Although applicants don't have to know another language to get hired, she said, ``it's icing on the cake.''
The debate shouldn't focus solely on whether students need a foreign language to get jobs, Richard Summerville says. Colleges have a higher calling.
``The proper perspective is not so much the utility and the vocation, but the wholeness of the individual,'' said Summerville, provost of Christopher Newport University, which requires students to take one to two years in college. ``We look at our undergraduates as liberally educated people.''
But Jesse Lewis, Summerville's counterpart at Norfolk State University, says he has to be more practical: ``Our university is interested in teaching our students so they will end up with a job or some career. If you ask students, they'll tell you, when they get out they want to get a job, and they're going to college to increase their chances of getting a job.''
Norfolk State recently changed its requirement based on another factor: Pressure to save money.
State officials have been prodding colleges to reduce requirements so almost all students can graduate after taking 120 credit hours; some now need more to graduate. Cutting back, the idea goes, will get students out more quickly and provide more space for the influx expected later this decade. And that will allow the state to serve more students at less cost.
Norfolk State had a schoolwide, one-year requirement but now leaves that up to individual departments. About half, Lewis said, dropped it to maintain other requirements, such as computer literacy.
At ODU, that's also a consideration. ``There have to be tradeoffs; if we're worried about overall hours, what do we take less of?'' asked Ritz, whose committee is considering adding a requirement for an oral communications class.
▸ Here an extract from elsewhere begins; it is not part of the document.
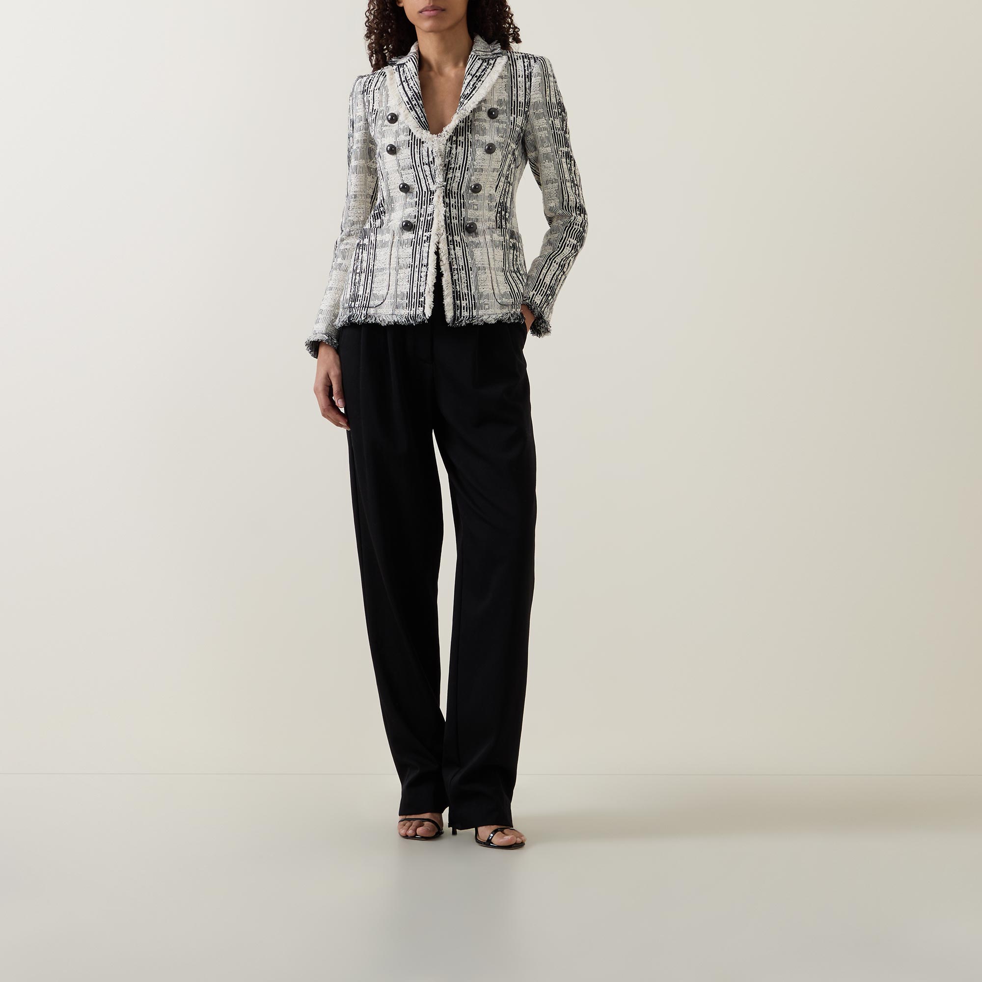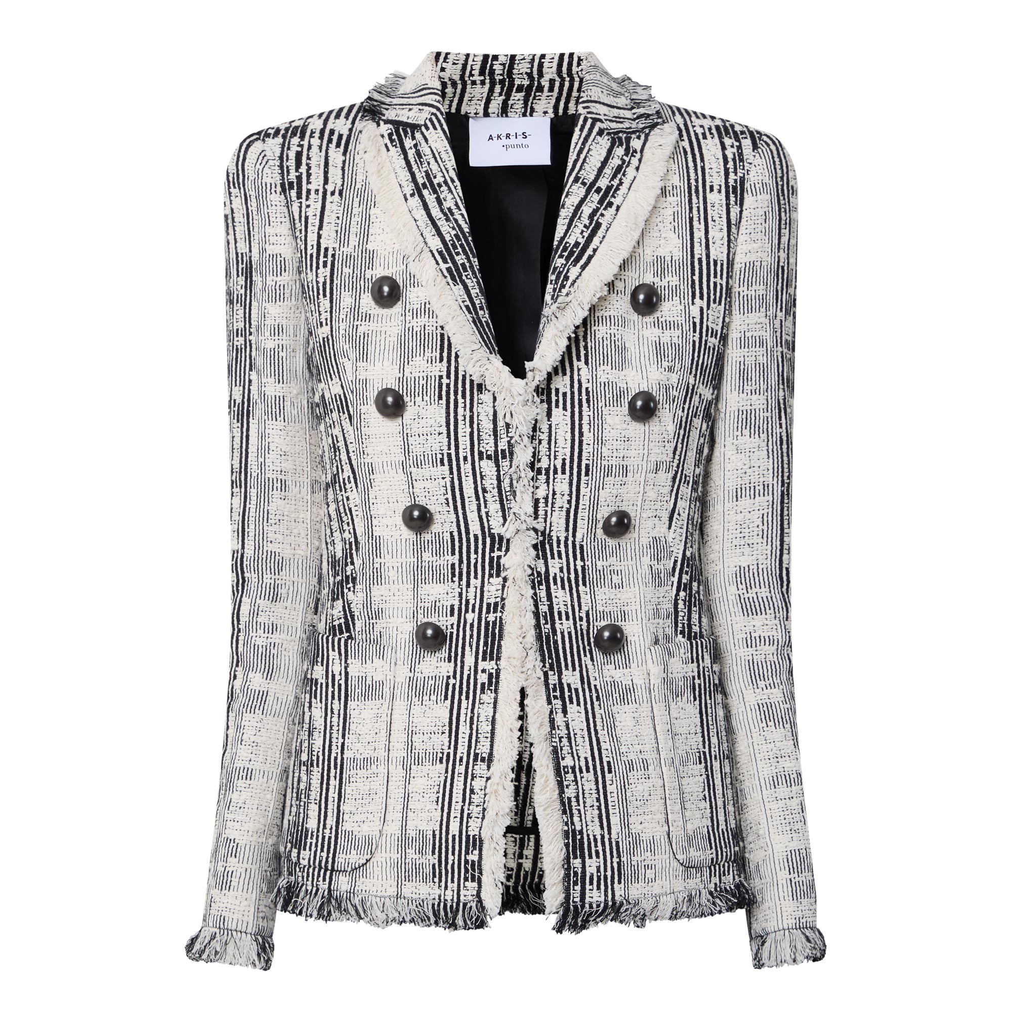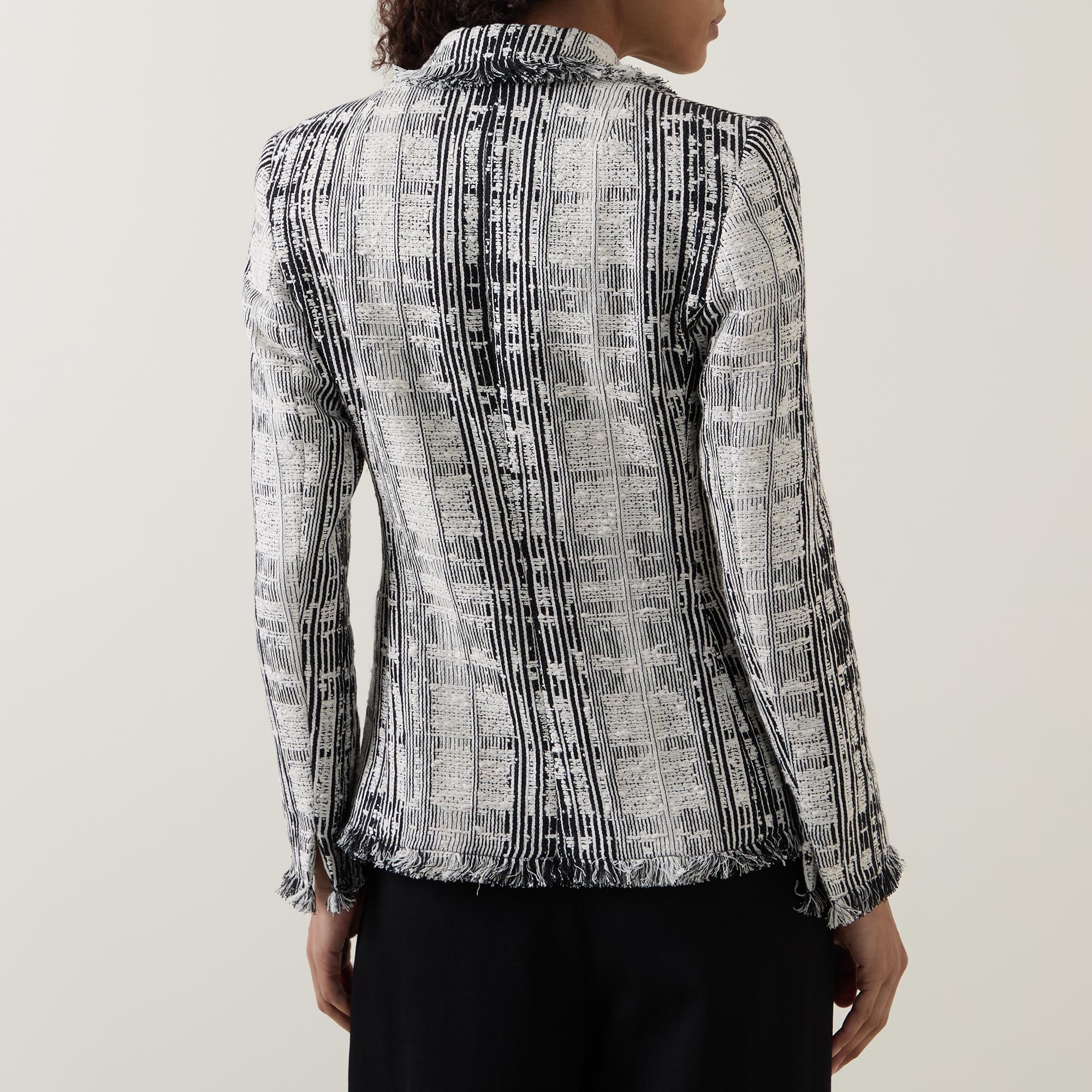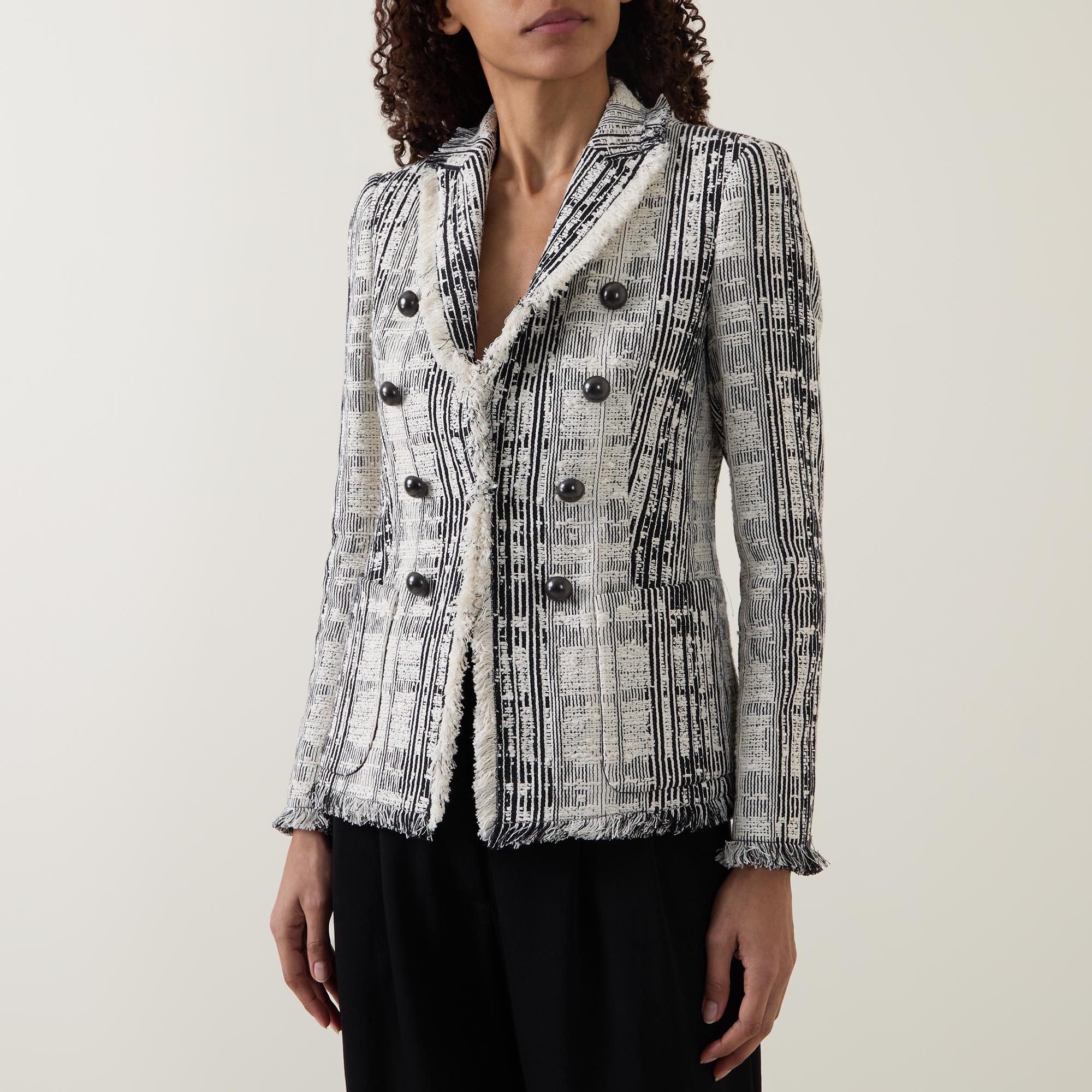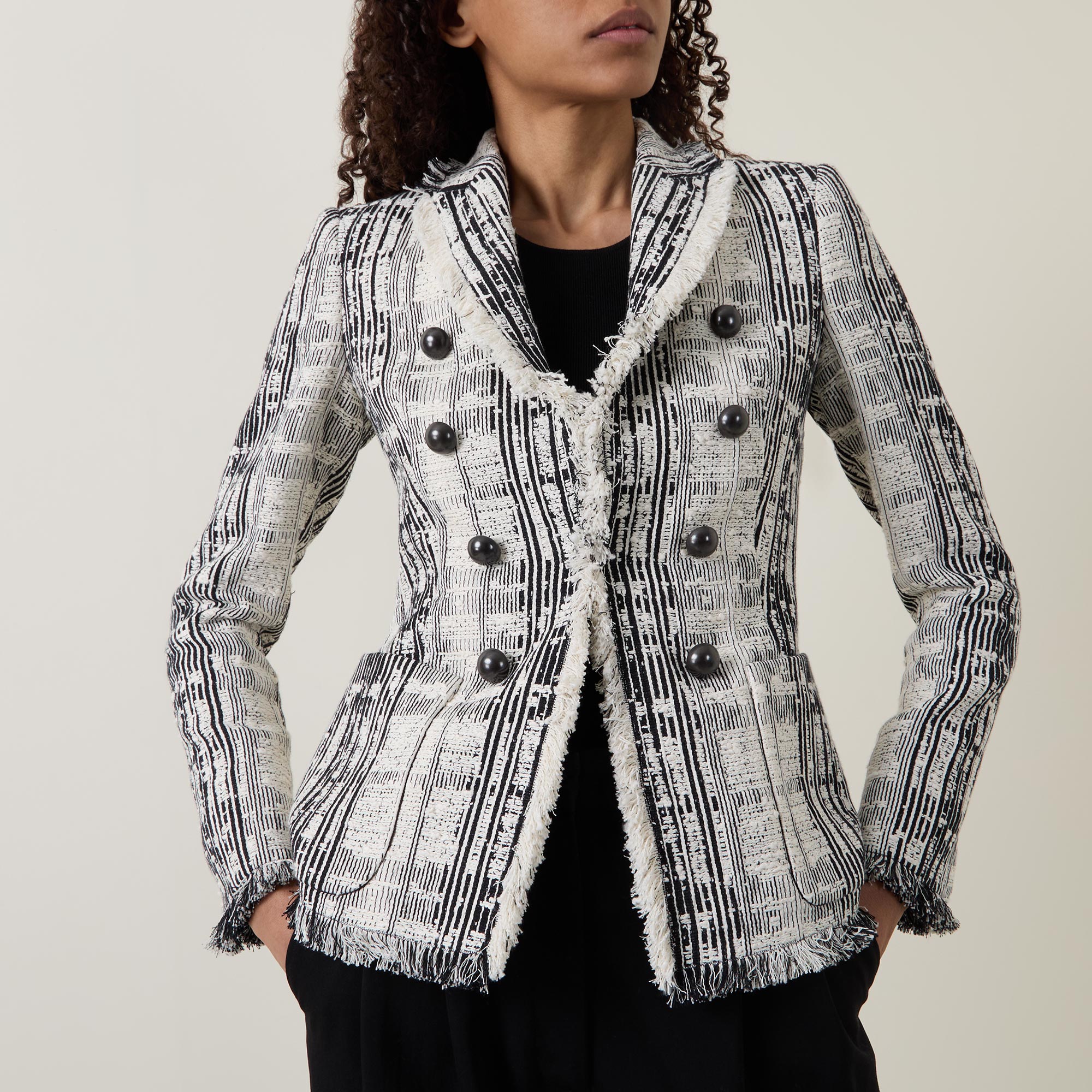 - Double-breasted front, long sleeves, peak lapel collar, contrasting button fastenings, two side patch pockets, frayed cuffs, contrasting striped pattern, frayed hemline, textured tweed finish

Some language aficionados say requirements in college are almost beside the point. ``If they haven't gotten it by then, it's not going to work,'' said Suzanne Hayes, a Virginia Beach homemaker. ``Language is something you have to learn at a very young age'' for the best results.
Hayes' two children are learning Spanish at Trantwood Elementary School. ``They love it; it's a joy for them to go,'' she said. At home sometimes, Jennifer, a third-grader, will tell Timothy, a first-grader, ``Sientate, por favor'' - sit down, please.
Trantwood offers French or Spanish to all its 750 students. But it is the only one of the city's 52 elementary schools to offer foreign language during school hours, although some have after-school programs.
Why can't more grade schools offer language to the age group best able to soak it up? ``I believe funding has a great deal to do with it,'' said Still, the foreign languages coordinator, ``as well as the compact schedule they already have.''
Just like the colleges, the public schools must juggle a set of priorities in deciding their curriculums. And the benefits of rolling R's and learning new words and cultures aren't the only considerations.